Обратно я отправился по западной дороге, мимо Гантуонга, и к дому подъехал со стороны речки. Первым, кого я увидел, был старик Корни Джордж – он распахивал нашу низину. А Мэри стоит на бережку и отдает распоряжения. Тут же и Джеймс с нашими запасными лошадьми и цепями: ему Мэри определила расчищать от всех кустиков и коряг каждую следующую полосу под борозду. Вид у старика Корни довольно сердитый – как выяснилось, он обломал о коряги чуть не все лемеха; да и Джеймс тоже мрачноватый. На голове у Мэри старая фетровая шляпа, на ногах – мои новые сапоги с резинками, все в глине, потому что она как раз спускалась к Джеймсу, чтобы поторопить его убрать гнилой пень до того, как Корни повернет на новую борозду.
– Хочу разносить их немного для тебя, Джо, – сказала Мэри.
– Ладно, – сказал я, – ругать я тебя не собираюсь.
Сапоги эти давно у нас были предметом раздора, только обычно она успевала их снять до моего приезда.
Тут она увидела в фургоне плуг и борону и помрачнела, но я сказал, что все правильно, все равно в хозяйстве нужен плуг.

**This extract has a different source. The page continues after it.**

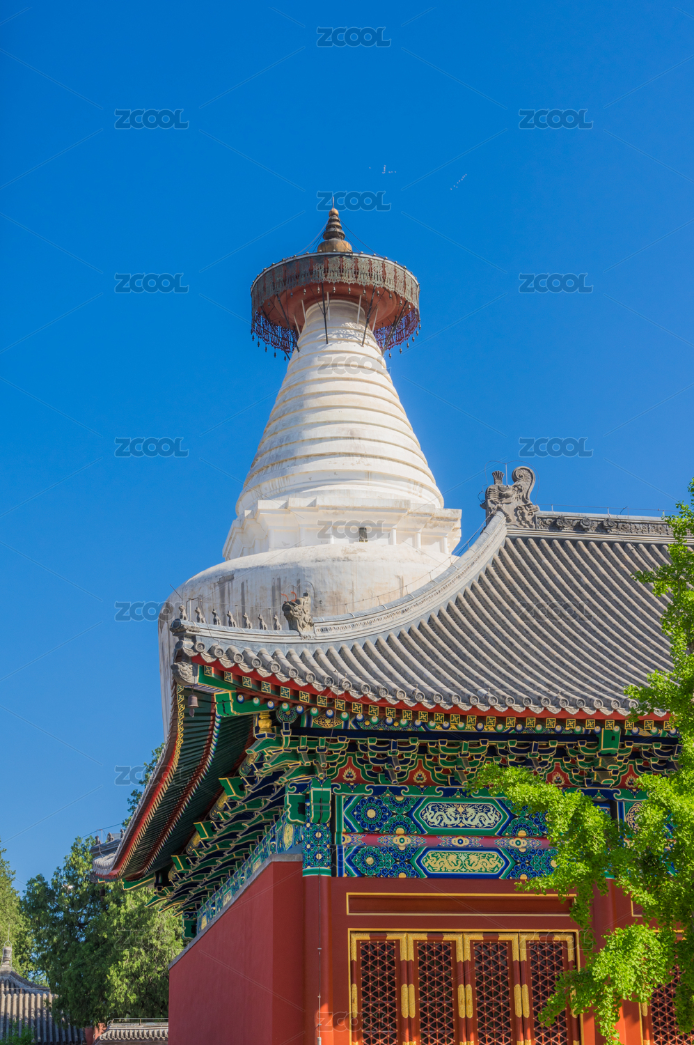 春季晴天北京妙应白塔寺古代建筑风光
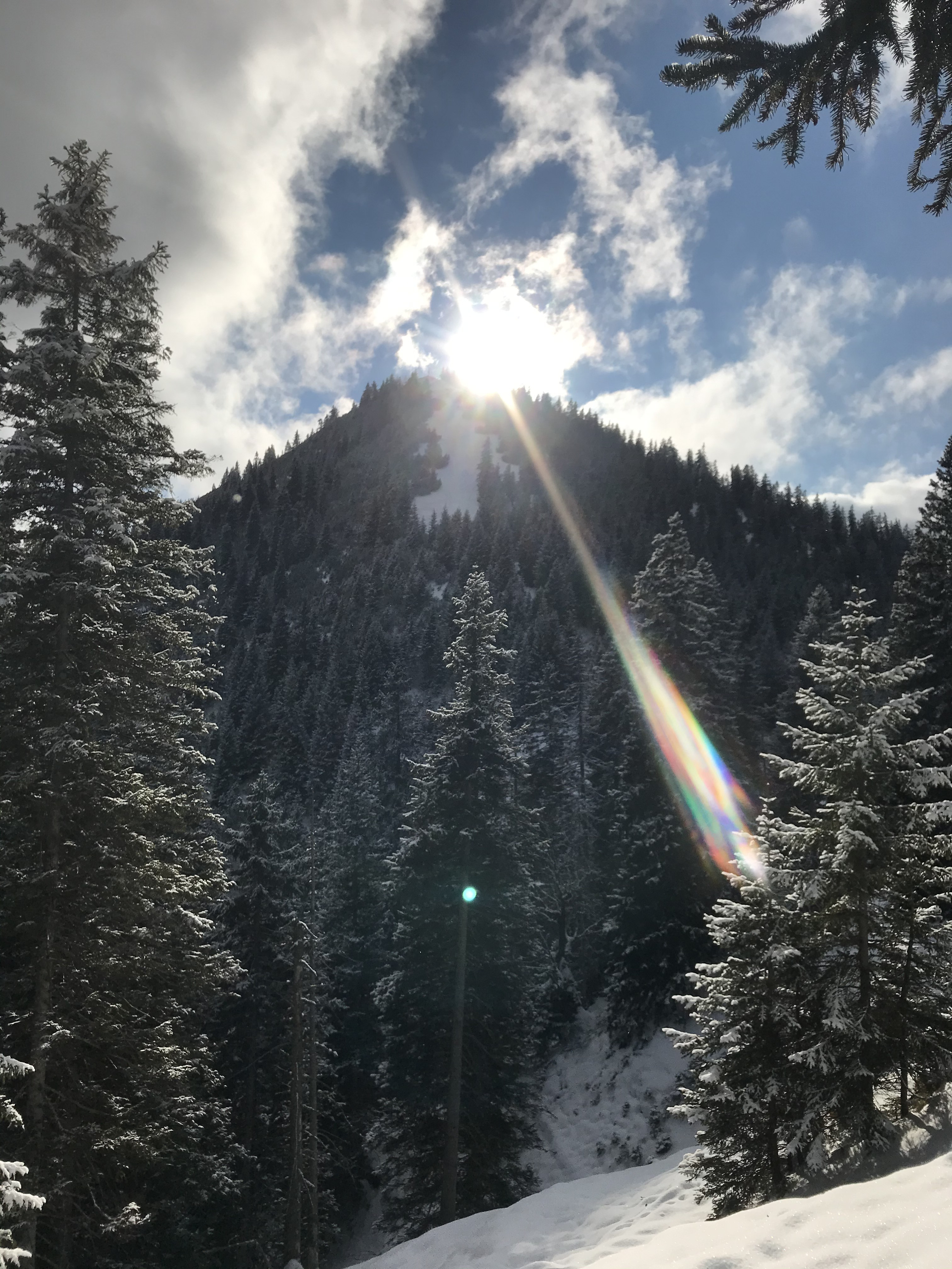 Tourenverhältnisse: Super schöne Wanderung zum Osterfeuerkopf dann den Grat Richtung Hirschberg. Dann nordseitig steil hinauf und über die Forststrasse wieder zum Parkplatz kurz vor dem Eschenlainetal. Heute dank Neuschnee einfach nur schön, insgesamt 17 km und 1100 hm

– Мне казалось, ты хочешь, чтобы землю вспахал Корни, – сказала Мэри.
– Я этого не говорил.
– Но когда я послала Джеймса догнать тебя и сказать про мотыгу, чтобы нам потом посадить картошку, ты ведь не отказался ее привезти, – настаивала Мэри.
У меня выдалось несколько свободных дней, и я вдруг вошел в азарт. После Корни мы с Джеймсом еще раз перепахали землю, а потом выкорчевали парочку пней у верхнего конца полосы, убрали большое бревно и весь кустарник да распахали еще чуть не целый акр. Джеймс все это делать умел, он вообще работал как вол, пока что-то было ему в новинку, любил пахать, ставить изгороди, в общем, всякую работу, на которой можно себя показать. А вот корчевать пни или ошкуривать бревна и слеги ему было неинтересно. Весь вечер мы резали картошку, и Мэри то и дело покрикивала на Джеймса, что он режет по «глазкам». Мотыжить нам было уже некогда, да и Джеймса бы не уговорить, потому как не в новинку; я просто еще раз прошелся плугом, а они шли за мной и бросали в борозду картошку; я провел вторую борозду, чтобы засыпать картошку, потом прошелся бороной. По-моему, после этого и окучивать не надо; так же я и с кукурузой сделал, которую посеял позднее.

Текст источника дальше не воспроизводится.